How to complete this task:
Could you retype, exactly as written, every line from the top of the records through the line that contains "This adjustable dog"?

Collected data:
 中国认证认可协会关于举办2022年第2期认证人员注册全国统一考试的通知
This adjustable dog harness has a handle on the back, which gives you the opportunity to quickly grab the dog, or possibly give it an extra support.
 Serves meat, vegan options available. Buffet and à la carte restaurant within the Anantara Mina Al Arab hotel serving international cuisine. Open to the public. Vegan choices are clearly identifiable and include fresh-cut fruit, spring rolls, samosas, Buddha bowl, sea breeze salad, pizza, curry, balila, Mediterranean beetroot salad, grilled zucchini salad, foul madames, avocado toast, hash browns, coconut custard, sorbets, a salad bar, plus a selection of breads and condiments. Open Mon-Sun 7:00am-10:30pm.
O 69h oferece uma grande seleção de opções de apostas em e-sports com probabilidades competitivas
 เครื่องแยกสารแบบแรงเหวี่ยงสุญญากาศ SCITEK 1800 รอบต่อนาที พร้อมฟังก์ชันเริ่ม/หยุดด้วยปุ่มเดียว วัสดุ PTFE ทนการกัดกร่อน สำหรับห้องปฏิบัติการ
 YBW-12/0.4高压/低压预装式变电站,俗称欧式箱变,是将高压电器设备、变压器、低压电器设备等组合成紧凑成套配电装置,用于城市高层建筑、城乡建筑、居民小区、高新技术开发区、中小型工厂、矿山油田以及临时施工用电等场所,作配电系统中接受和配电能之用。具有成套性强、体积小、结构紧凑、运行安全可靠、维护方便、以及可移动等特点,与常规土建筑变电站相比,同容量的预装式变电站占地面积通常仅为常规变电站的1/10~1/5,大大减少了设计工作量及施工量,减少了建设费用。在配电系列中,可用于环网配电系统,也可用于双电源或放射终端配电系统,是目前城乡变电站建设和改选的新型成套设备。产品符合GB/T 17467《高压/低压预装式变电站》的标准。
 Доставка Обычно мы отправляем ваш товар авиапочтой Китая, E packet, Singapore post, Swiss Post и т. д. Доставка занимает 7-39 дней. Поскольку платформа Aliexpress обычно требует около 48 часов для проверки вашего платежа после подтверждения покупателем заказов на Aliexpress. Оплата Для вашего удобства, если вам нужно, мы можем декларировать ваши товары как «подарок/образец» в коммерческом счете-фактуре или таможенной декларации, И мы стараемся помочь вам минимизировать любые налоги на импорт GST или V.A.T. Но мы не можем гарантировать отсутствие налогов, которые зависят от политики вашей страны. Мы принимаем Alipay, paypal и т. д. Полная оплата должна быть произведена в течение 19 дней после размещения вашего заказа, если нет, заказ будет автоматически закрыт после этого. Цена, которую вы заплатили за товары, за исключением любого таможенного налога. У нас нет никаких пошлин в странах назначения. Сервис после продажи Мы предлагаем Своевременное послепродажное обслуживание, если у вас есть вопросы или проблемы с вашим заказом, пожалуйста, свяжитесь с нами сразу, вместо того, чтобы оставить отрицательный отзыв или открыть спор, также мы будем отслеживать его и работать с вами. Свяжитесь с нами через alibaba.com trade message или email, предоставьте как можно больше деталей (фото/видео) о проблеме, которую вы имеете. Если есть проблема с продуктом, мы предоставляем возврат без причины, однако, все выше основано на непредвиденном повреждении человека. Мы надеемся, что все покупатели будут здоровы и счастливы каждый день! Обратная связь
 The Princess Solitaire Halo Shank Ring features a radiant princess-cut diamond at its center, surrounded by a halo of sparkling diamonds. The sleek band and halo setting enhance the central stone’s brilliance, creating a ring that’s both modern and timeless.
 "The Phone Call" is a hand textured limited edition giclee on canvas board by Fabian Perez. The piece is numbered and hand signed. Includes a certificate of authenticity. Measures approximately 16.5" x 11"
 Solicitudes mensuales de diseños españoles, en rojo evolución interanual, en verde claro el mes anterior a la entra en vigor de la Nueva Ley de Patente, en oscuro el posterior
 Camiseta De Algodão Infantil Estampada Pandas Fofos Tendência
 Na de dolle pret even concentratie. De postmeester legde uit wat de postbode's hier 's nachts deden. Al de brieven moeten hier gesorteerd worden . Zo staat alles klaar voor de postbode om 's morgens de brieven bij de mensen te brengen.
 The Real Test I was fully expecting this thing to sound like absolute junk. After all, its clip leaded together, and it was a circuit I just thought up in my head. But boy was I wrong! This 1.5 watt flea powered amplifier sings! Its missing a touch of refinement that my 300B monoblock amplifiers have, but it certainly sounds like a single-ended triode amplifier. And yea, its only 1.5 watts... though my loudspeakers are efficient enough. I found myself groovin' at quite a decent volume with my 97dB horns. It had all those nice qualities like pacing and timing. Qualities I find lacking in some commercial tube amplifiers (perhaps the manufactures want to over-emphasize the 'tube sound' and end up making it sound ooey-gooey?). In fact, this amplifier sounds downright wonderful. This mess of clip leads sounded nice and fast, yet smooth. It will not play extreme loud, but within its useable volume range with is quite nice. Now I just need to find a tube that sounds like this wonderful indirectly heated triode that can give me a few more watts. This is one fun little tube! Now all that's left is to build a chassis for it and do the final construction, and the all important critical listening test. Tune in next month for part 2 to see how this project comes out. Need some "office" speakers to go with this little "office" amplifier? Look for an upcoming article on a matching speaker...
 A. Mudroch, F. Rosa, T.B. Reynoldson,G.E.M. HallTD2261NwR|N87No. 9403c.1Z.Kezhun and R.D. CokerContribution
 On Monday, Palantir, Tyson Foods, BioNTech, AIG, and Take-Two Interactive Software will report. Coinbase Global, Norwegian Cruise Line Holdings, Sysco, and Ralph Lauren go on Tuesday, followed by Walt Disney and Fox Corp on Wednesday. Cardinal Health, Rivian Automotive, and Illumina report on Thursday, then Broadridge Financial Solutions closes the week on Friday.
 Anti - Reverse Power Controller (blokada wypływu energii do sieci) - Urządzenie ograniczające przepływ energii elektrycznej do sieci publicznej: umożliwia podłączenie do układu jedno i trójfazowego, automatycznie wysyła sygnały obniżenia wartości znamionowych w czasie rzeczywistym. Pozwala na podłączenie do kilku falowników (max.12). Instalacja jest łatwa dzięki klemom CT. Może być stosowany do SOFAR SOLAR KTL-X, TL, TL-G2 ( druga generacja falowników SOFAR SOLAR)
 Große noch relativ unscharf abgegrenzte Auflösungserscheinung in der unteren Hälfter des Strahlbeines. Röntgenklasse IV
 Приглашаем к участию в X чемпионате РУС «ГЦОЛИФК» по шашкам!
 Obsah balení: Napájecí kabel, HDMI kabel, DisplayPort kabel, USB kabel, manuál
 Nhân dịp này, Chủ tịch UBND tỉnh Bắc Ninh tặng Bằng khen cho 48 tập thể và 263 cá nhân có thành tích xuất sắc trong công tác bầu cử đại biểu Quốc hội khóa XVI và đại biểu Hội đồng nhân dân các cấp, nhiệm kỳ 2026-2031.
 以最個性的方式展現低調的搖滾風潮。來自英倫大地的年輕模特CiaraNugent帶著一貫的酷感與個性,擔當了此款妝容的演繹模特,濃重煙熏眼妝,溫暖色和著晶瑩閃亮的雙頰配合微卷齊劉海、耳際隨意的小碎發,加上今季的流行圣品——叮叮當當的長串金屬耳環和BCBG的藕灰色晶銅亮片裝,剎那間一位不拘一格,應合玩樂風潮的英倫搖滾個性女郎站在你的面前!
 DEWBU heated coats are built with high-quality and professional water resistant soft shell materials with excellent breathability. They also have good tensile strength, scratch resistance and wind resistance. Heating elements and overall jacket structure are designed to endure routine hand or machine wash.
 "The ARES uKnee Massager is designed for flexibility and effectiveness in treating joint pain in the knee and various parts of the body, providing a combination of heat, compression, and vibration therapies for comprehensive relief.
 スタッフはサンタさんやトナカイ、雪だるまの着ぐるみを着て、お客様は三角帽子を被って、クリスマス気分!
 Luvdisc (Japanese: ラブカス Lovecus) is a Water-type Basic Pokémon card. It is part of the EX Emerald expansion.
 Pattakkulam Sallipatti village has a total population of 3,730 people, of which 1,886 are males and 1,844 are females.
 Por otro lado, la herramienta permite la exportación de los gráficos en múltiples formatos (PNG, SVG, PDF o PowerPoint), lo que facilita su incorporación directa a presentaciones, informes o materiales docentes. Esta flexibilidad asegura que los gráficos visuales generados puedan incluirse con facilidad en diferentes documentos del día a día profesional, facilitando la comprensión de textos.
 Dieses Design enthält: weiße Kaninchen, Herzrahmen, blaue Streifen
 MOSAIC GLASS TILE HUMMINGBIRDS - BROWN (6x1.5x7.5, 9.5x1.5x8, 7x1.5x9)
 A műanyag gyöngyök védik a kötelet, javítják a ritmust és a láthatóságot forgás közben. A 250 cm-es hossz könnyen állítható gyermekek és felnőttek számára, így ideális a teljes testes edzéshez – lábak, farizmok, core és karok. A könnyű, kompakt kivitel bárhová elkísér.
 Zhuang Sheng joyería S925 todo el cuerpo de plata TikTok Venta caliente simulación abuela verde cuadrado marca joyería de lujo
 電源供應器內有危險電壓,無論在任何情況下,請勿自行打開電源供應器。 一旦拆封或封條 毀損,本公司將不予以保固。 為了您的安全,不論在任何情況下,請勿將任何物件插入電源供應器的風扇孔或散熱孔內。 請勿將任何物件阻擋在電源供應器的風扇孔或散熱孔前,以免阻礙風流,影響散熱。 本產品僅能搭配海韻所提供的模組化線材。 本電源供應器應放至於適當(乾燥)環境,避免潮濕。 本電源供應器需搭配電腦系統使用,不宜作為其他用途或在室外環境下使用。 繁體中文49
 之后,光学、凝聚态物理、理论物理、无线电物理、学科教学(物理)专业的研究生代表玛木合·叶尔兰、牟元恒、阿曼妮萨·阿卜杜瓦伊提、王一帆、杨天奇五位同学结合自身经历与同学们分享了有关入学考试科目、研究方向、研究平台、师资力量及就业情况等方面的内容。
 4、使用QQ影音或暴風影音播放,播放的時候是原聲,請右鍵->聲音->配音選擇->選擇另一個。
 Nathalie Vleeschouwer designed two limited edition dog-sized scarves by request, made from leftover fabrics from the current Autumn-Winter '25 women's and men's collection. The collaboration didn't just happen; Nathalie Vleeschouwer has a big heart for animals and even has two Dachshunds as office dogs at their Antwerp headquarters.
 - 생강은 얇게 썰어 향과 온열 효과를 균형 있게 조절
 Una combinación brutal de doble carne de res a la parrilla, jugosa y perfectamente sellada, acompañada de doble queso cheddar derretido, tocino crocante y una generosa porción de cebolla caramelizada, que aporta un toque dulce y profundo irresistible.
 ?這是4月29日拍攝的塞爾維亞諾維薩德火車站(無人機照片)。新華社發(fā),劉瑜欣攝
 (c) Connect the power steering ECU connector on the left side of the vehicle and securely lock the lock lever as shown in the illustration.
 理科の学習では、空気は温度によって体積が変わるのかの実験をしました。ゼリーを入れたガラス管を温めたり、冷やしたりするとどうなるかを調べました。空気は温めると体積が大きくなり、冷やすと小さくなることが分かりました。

Output of the exercise:
 中国认证认可协会关于举办2022年第2期认证人员注册全国统一考试的通知
This adjustable dog harness has a handle on the back, which gives you the opportunity to quickly grab the dog, or possibly give it an extra support.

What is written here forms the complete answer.